LEGGETE E COMMENTATE!

 

 

 

 

Dispersa in mezzo alla città!

 

 

 

 

Si guardava intorno, confusa.

Ecco… si era persa per l’ennesima volta.

Il senso dell’orientamento non era il suo forte.

Sospirò sconsolata, rendendosi conto di non essere neanche in grado di tornare a casa o arrivare alla stazione.

Affranta, si appoggiò al muro di un palazzo chiudendo gli occhi e pensando a cosa potesse fare.

Il telefono era completamente scarico ed anche se fosse riuscita a ricaricarlo in qualche modo, non aveva neanche i soldi per fare uno squillo o un messaggio.

Non aveva una cartina, cioè, gli era volata via circa mezz’ora prima, quando si era resa conto di aver cominciato a girare in tondo.

Non poteva chiedere indicazioni, non per la timidezza, ma semplicemente per il fatto che non stesse passando un’anima viva.

Le veniva voglia di piangere.

Aveva le piante dei piedi distrutte.

Perché diavolo si era messa i tacchi?!

Doveva anche incontrare un tizio che non le piaceva, e ora per colpa sua non riusciva neanche a tornare a casa!
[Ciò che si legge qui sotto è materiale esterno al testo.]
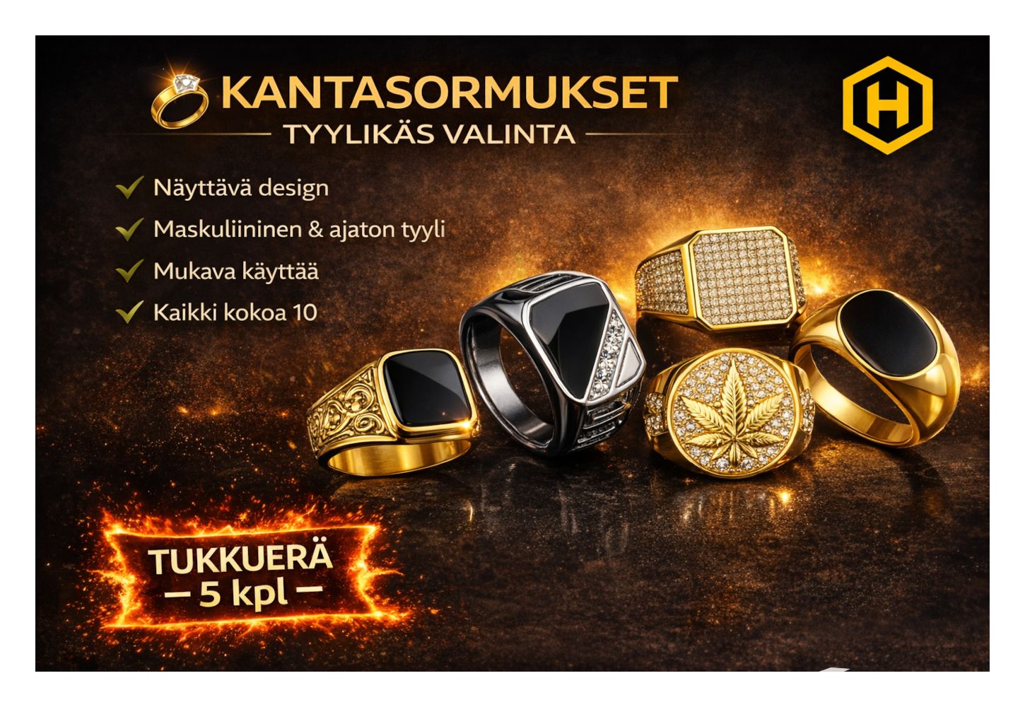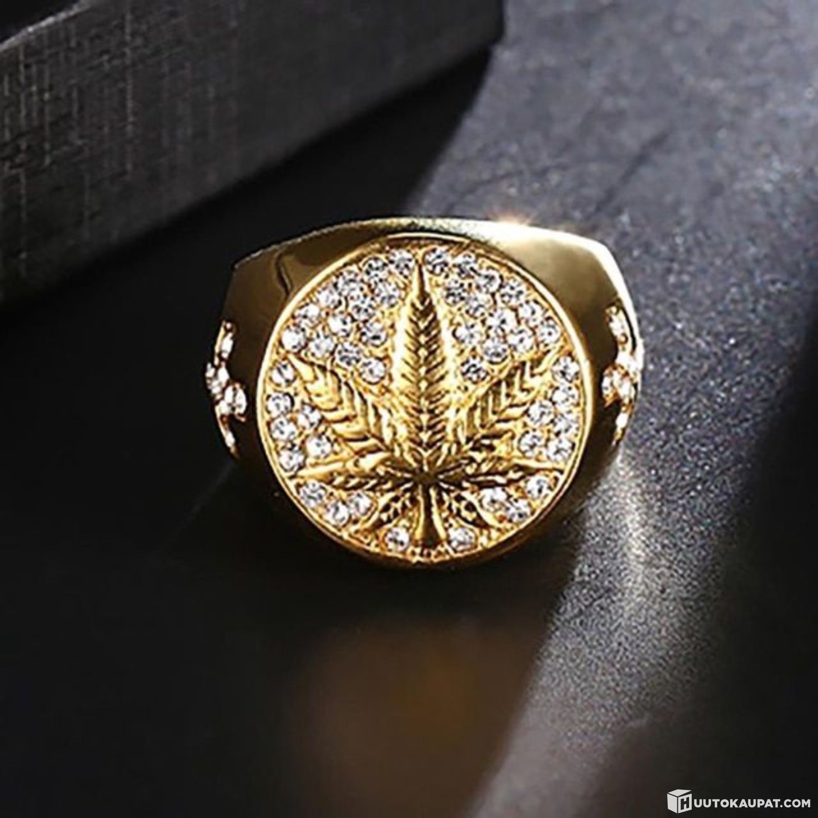 Hakusanat: kantasormus, sormus, lehtisormus, kultasormus, iso sormus, näyttävä sormus, miesten sormus, naisten sormus, unisex sormus, kivisormus, bling sormus, hiphop koru, statement sormus, kultainen sormus, muotisormus, koko 10
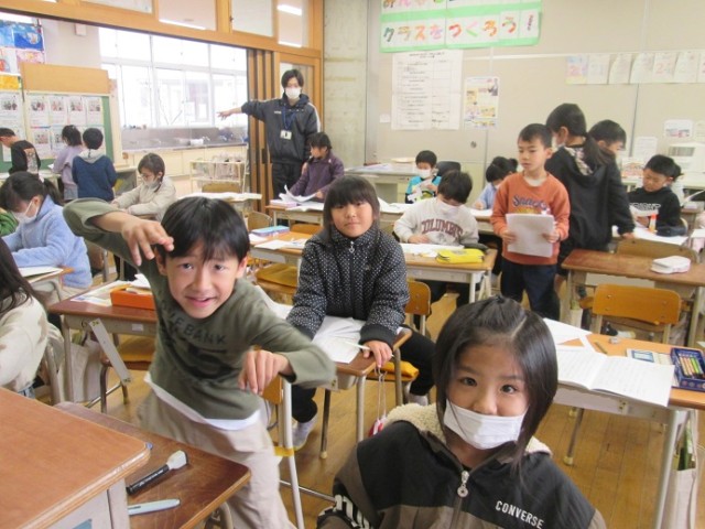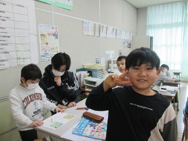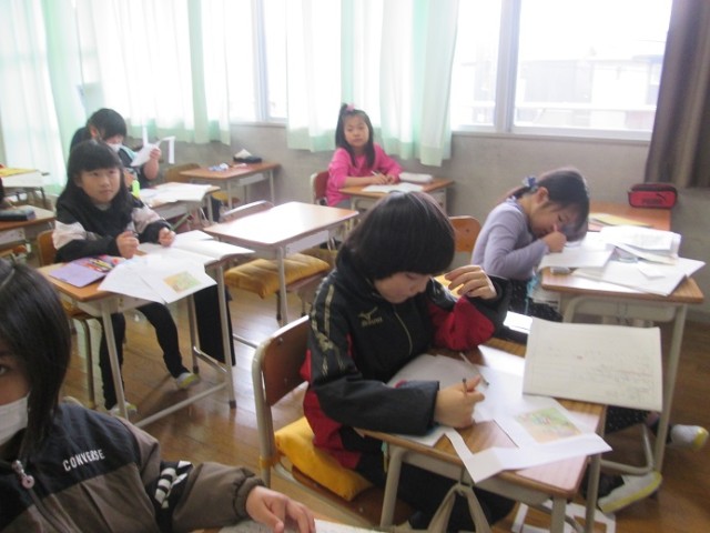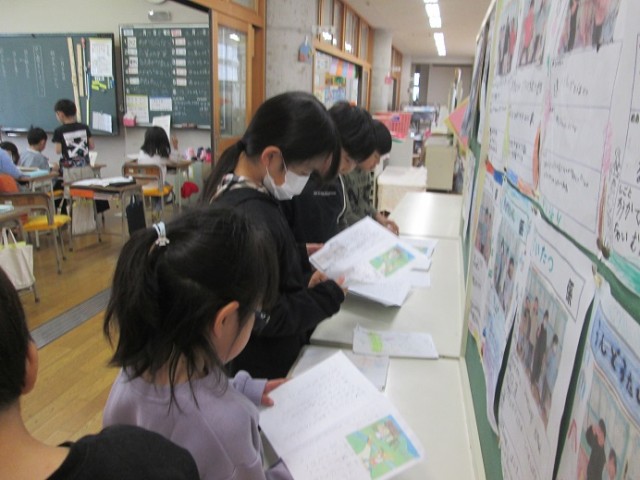 2年2組は国語「そうぞうを広げよう」の学習です。「僕のはもうできたよ。廊下にあるから友達に読んでもらう」という子もいました。みんなで、友達の作品を読み合っています。

Come un miraggio vide una cabina telefonica a pochi metri da lei.

Vi corse dentro, cercando poi nella borsa qualche spiccio.

No, impossibile… si era anche dimenticata il portafoglio a casa!

Sbatté la testa sul vetro, sconfitta.

La sua solita fortuna!

“Si può sapere cosa diavolo stai facendo, Kagome?”   quella voce…

Si girò, spalancando gli occhi.

Lui cosa ci faceva lì?

“T-tu! Inuyasha! Cosa ci fai qui?”

“Lo sai che non si risponde ad una domanda con un’altra domanda? Comunque io ci abito qui!”  quasi con le lacrime agli occhi si aggrappò alla sua giacca, trattenendosi dall’emettere piccoli urli di gioia.

“Veramente?! Allora ti prego, dimmi come faccio a tornare a casa!”  la guardò stranito.

“Ti sei persa?”

“Beh… ecco…”

“Mi dici come hai fatto ad arrivare qui?”

“Sinceramente non ne ho idea…”

“Bene, casa tua è dall’altra parte della città. Se te la sei fatta tutta a piedi ti faccio i miei complimenti, cammini molto anche con quelle scarpe!”   sorrise e la fece letteralmente sciogliere. Gli occhi d’ambra erano illuminati dalla luce del tramonto. I lunghi capelli d’argento ondulavano a ritmo del leggero venticello che c’era nell’aria e le simpatiche orecchie canine si muovevano frenetiche.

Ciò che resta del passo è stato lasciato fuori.